Successive governments have failed to wean the UK off our addiction to oil. And with petrol prices spiralling, motorists are now paying the price.
Put simply, a radical new approach to transport is needed. We need cars that use less fuel and we need action to make other options – like walking and cycling for short journeys, and public transport for longer ones – more appealing.
With nearly six in ten car journeys ending before the five mile mark, a lot of this fuel is going up in smoke on travel which could easily be done by bike or bus. Yet we need Government action to make this more attractive. Taking to the saddle in winter, on main roads rather than dedicated cycle lanes, is often treated as being just as intrepid as venturing up the Amazon.
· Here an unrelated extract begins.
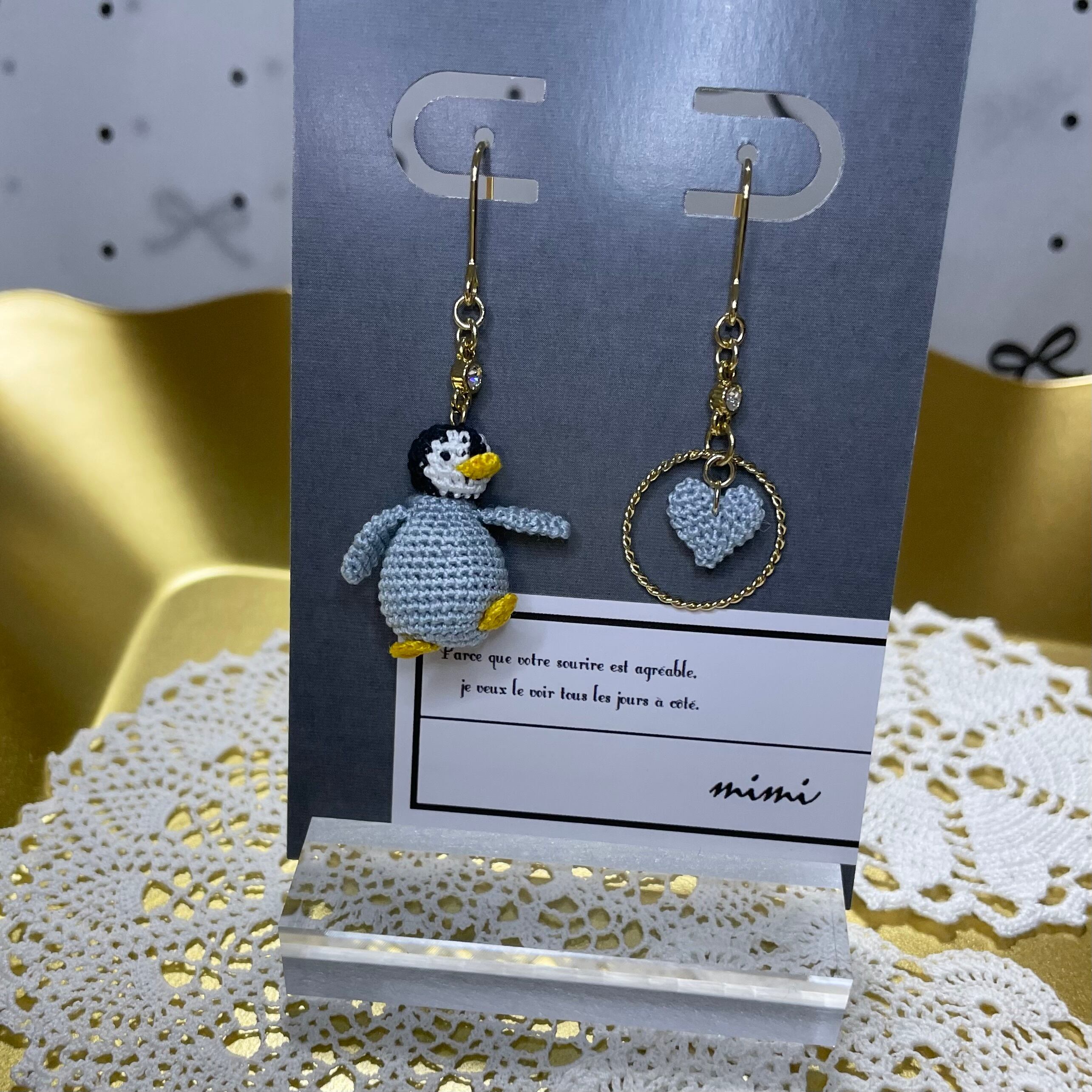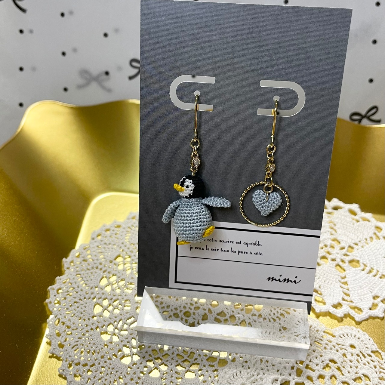 身長約2cmのあみぐるみのペンギンが、あなたの耳元で愛らしく揺れます。その愛くるしい姿は、周りの人々の注目を集め、毎日のコーディネートに楽しいアクセントを加えてくれることでしょう。普段使いにはもちろん、大切なお友達へのプレゼントとしてもぴったりです。このペンギンピアスを身につけることで、日常の中にちょっとしたハッピーを感じていただければ幸いです!
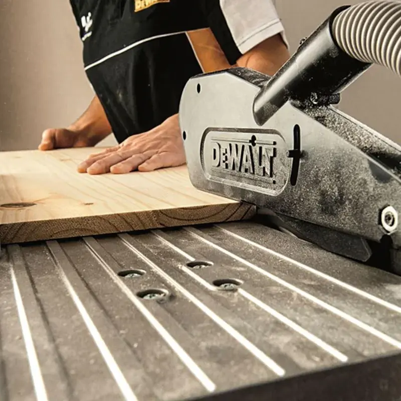 Торцовочная пила DeWALT D27113 весит всего 19,5 кг. За счет этого его легко переносить по рабочему помещению. Для удобства на корпусе размещены выступы для рук.

Making other transport options a smarter choice than cars will cut emissions too. Transport accounts for a quarter of UK emissions, with 90 per cent of this coming from road traffic. It will be considerably harder to meet our legally-binding target of cutting emissions by 80 per cent by 2050 if we don’t tackle these emissions now.
The Government urgently needs to steer us in to the fast lane to cleaner, greener transport – reducing carbon emissions, our dependency on foreign oil and enabling people to travel quickly and easily by public transport rather than gridlocked roads.
We’ll still need to use cars – so smarter, more efficient vehicles which use less fuel are a must.
We support EU plans currently being formulated to tighten emissions standards for cars. The car industry has frequently stalled on producing more efficient vehicles and the government must jump-start them into tough action.
At the same time, we need motoring around in gas-guzzlers to be made much more expensive.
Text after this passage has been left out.